It is clear that the prodrugs 4af, 5ag, 6 and 7 synthesized in this study are more lipophilic and less basic than the lead compound TH-701. The amidoxime 3 was directly reacted with trimethylorthoformate and boron trifluoride etherate to furnish N1,N5-bis[4-(1,2,4-oxadiazol-3-yl)phenyl]glutaramide 6 (cLogP and pKa values are 2.71 and −2.27 respectively). Reaction of 3 with 1,1’-carbonyldiimidazole furnished N1,N5-bis[4-(5-oxo-4,5-dihydro-1,2,4-oxadiazol-3-yl)phenyl]glutaramide 7 (cLogP and pKa values are 1.60 and −2.85 respectively). The procedure that we used is simple, mild and the DMSO medium can facilitate better reaction conditions due to improved solubility for a wide range of complex heteroaromatic ring systems targeted to embrace the 1,2,4-oxadiazole functionality. The trifluoro substituted 1,2,4-oxadiazole 5g was easily formed at room temperature in 0.5 h in THF medium due to the rapid cyclization of the electron-withdrawing trifluoroacetyl ester precursor.

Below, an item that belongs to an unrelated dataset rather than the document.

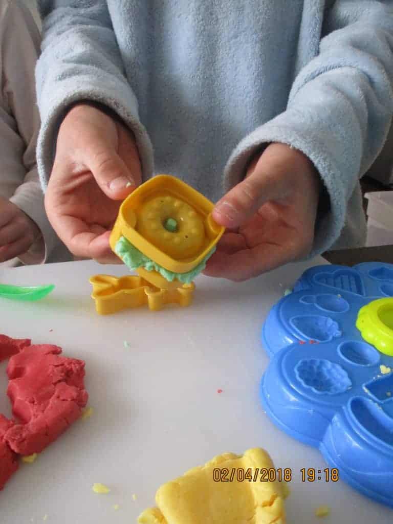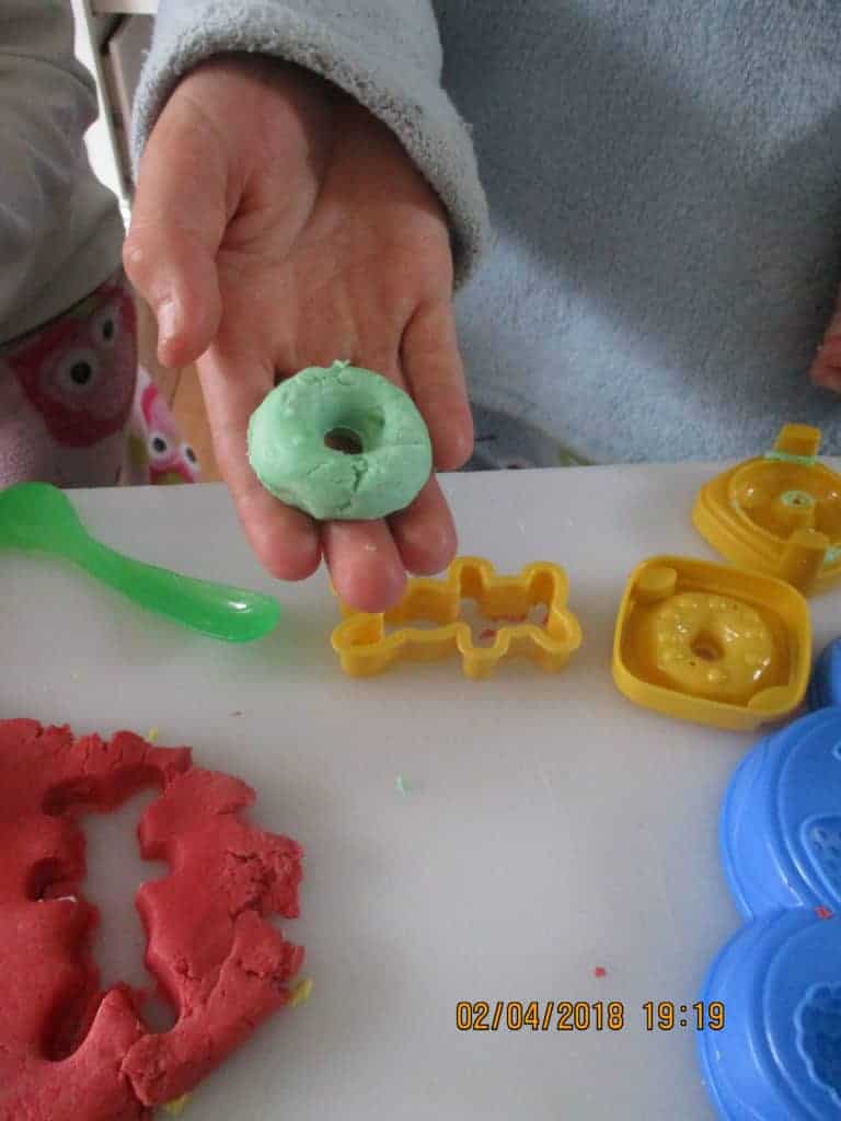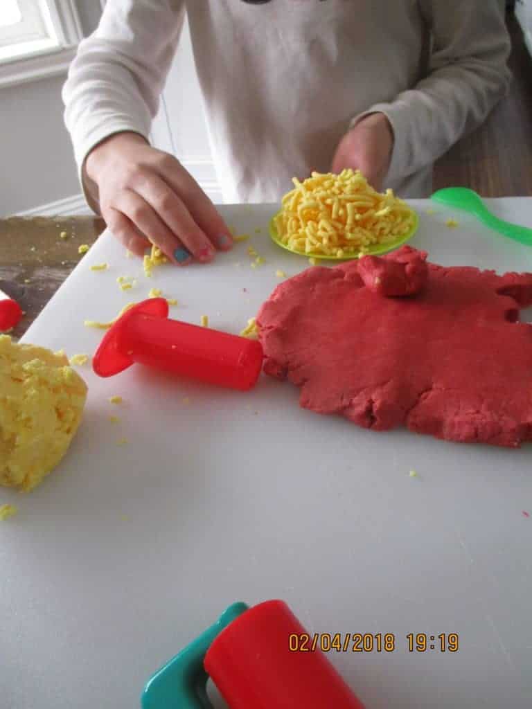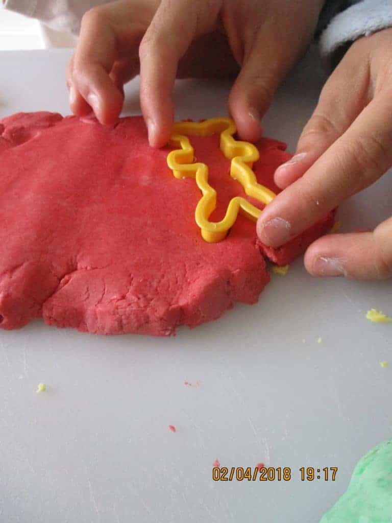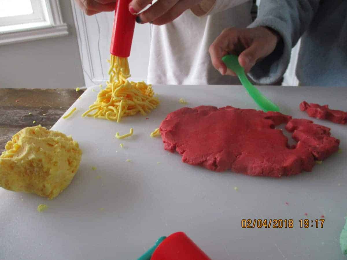 Roll your play dough into sections and make sure they aren’t crumbly or sticky. If you accidentally added a little too much powdered sugar, don’t worry! Just sprinkle a little olive oil onto the play dough and knead! Problem solved!

Preliminary in vitro metabolic studies have been performed on the bis-amidoxime prodrug 3 of the lead compound TH-701. The prodrug 3 was incubated with rat liver microsomes and the metabolites were analyzed by HPLC-MS at different time intervals to obtain the chromatograms shown in Figure 4.

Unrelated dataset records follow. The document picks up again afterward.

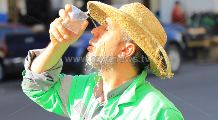 عامل وطن يسكب المياه على وجهه في ظل ارتفاع درجات الحرارة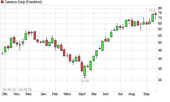 Mit dem Anstieg auf 73,78 EUR hat die Cameco-Aktie (ISIN CA13321L1085) am 25.09.2025 ein neues All-Time-High erreicht und damit den Kurs vom 19.09.2025 eingestellt.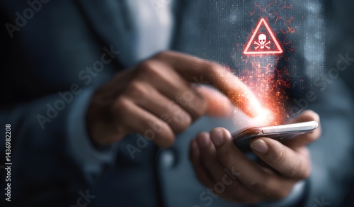 Businessman using smartphone with electronic email hacking and spam warning symbol. cyber attack network, virus, spyware, Cyber security and cybercrime

Figure 4. Total ion chromatograms (TIC, D) and reconstructed ion chromatograms (RIC, A, B, and C) of rat microsomal incubations collected at 60 min (a) and 240 min (b), respectively. Structures of the bis-amidoxime prodrug (C, m/z 399) and its two major metabolites, compound TH-701 (A, m/z 367) and the mono-amidoxime (B, m/z 383) are shown in the RICs.
Figure 4. Total ion chromatograms (TIC, D) and reconstructed ion chromatograms (RIC, A, B, and C) of rat microsomal incubations collected at 60 min (a) and 240 min (b), respectively. Structures of the bis-amidoxime prodrug (C, m/z 399) and its two major metabolites, compound TH-701 (A, m/z 367) and the mono-amidoxime (B, m/z 383) are shown in the RICs.
Molecules 18 11250 g004
The two chromatograms showed in Figure 4 were obtained from incubation products collected at 60 min (a) and 240 min (b), respectively. Three major peaks have been identified as those of the prodrug 3 (peak #3, m/z 399), the mono-amidoxime (peak #2, m/z 383), and the parent bis-amidine TH-701 (peak #1, m/z 367). At 60 min [Figure 4(a)], most of the prodrug has been converted to the mono-amidoxime (base peak, normalized to 100), with the remaining prodrug at 17% in relative peak height, and the desired parent compound TH-701 at 7%. However, at 240 min, the peak abundance of compound TH-701 has increased significantly to 64% relative to the mono-amidoxime, and nearly twice that of the prodrug. These results indicate that the bis-amidoxime prodrug 3 of compound TH-701 undergoes facile enzymatic reduction to regenerate the desired parent compound. The mono-amidoxime intermediate is the most abundant metabolite detected in microsomal incubations, consistent with previous metabolic studies of the bis-amidoxime prodrugs for various bis-benzamidines [8].

3. Experimental

3.1. Chemistry

Unless otherwise stated, all chemicals and reagents were purchased from Sigma-Aldrich Chemical Co. (St. Louis, MO, USA) and Fisher Scientific (Waltham, MA, USA). Melting points were determined on an Electrothermal MEL-TEMP apparatus and are uncorrected. 1H-NMR spectra were recorded in DMSO-d6 on a Varian 500 MHz instrument and the chemical shift (δ) values are reported in parts per million (ppm) relative to TMS. IR spectra were recorded neat on Perkin-Elmer Spectrum 2000 instrument (samples were directly applied to the probe tip whether liquid or solid). Analytical TLC was carried out on Sigma-Aldrich (cat # Z122785-25EA), 0.2 mm percolated silica gel polyester sheets with UV indicator. Elemental analysis was carried out by M-H-W Laboratories, (Phoenix, AZ, USA). Analysis of C, H, N were within ±0.4% of theoretical values.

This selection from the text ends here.